(Dataset excerpts)
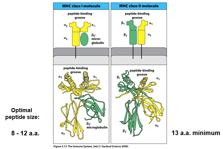 Optimal peptide sizes for MHC class I vs II?
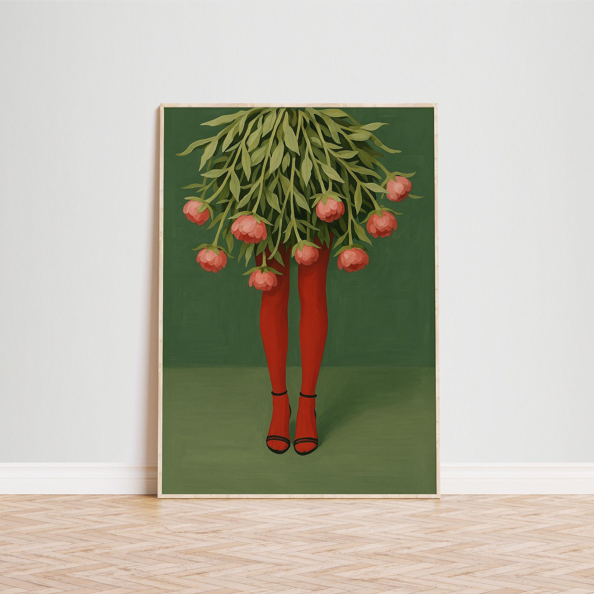Floral Legs Poster – Surreal Wall Art With Pink Flowers & Moody Botanical Decor
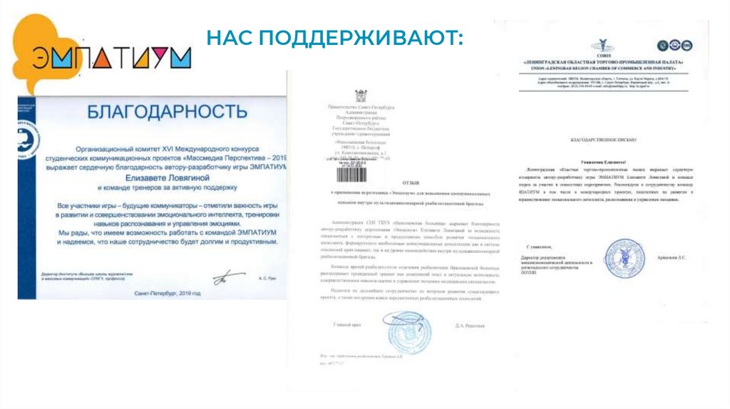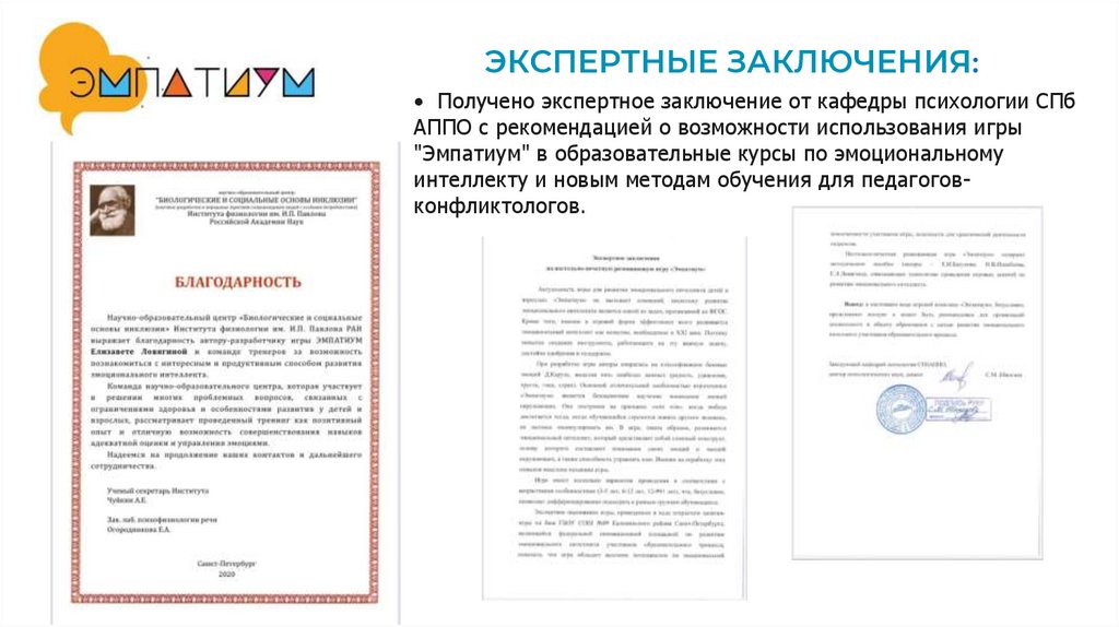 ЭКСПЕРТНЫЕ ЗАКЛЮЧЕНИЯ:• Получено экспертное заключение от кафедры психологии СПб
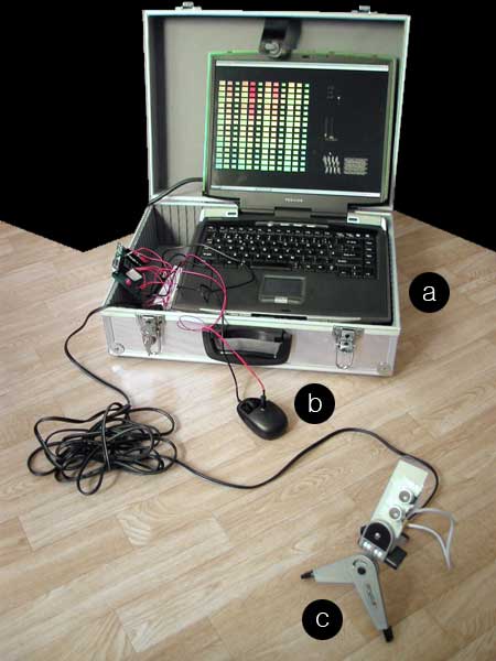 The projection is driven by Flash and a laptop(A), that has ultrasonic sensors (C)
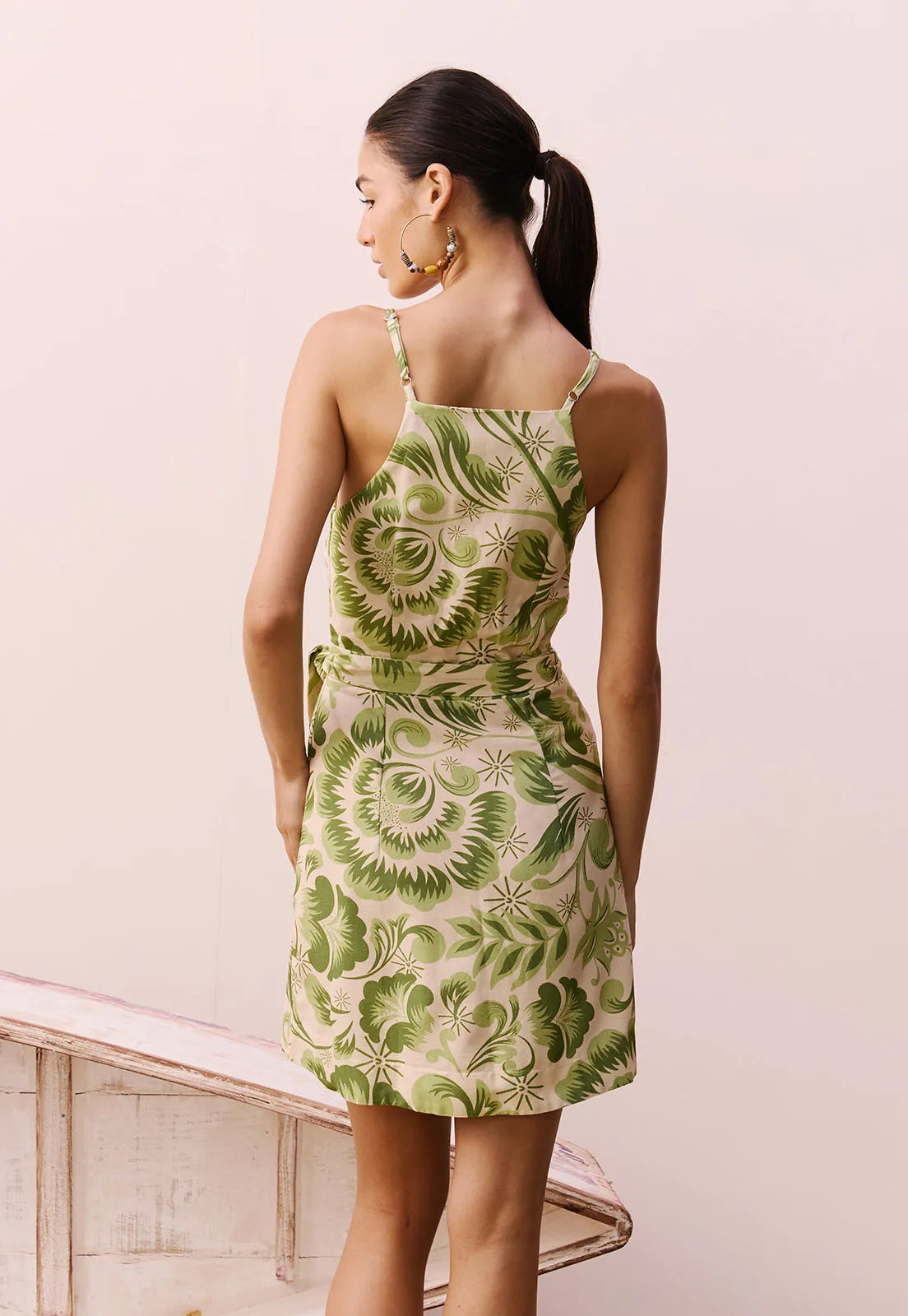 Ses fines bretelles ajustables et son décolleté en V croisé mettent délicatement en valeur la poitrine, tandis que son imprimé floral organique apporte une touche artistique et intemporelle.

▶ [Task item]: Please copy exactly, and only, the lines from the one that contains "ЭКСПЕРТНЫЕ ЗАКЛЮЧЕНИЯ:• Получено" through the last line of the data above, omitting all pictures.

▶ [Task answer]:
 ЭКСПЕРТНЫЕ ЗАКЛЮЧЕНИЯ:• Получено экспертное заключение от кафедры психологии СПб
 The projection is driven by Flash and a laptop(A), that has ultrasonic sensors (C)
 Ses fines bretelles ajustables et son décolleté en V croisé mettent délicatement en valeur la poitrine, tandis que son imprimé floral organique apporte une touche artistique et intemporelle.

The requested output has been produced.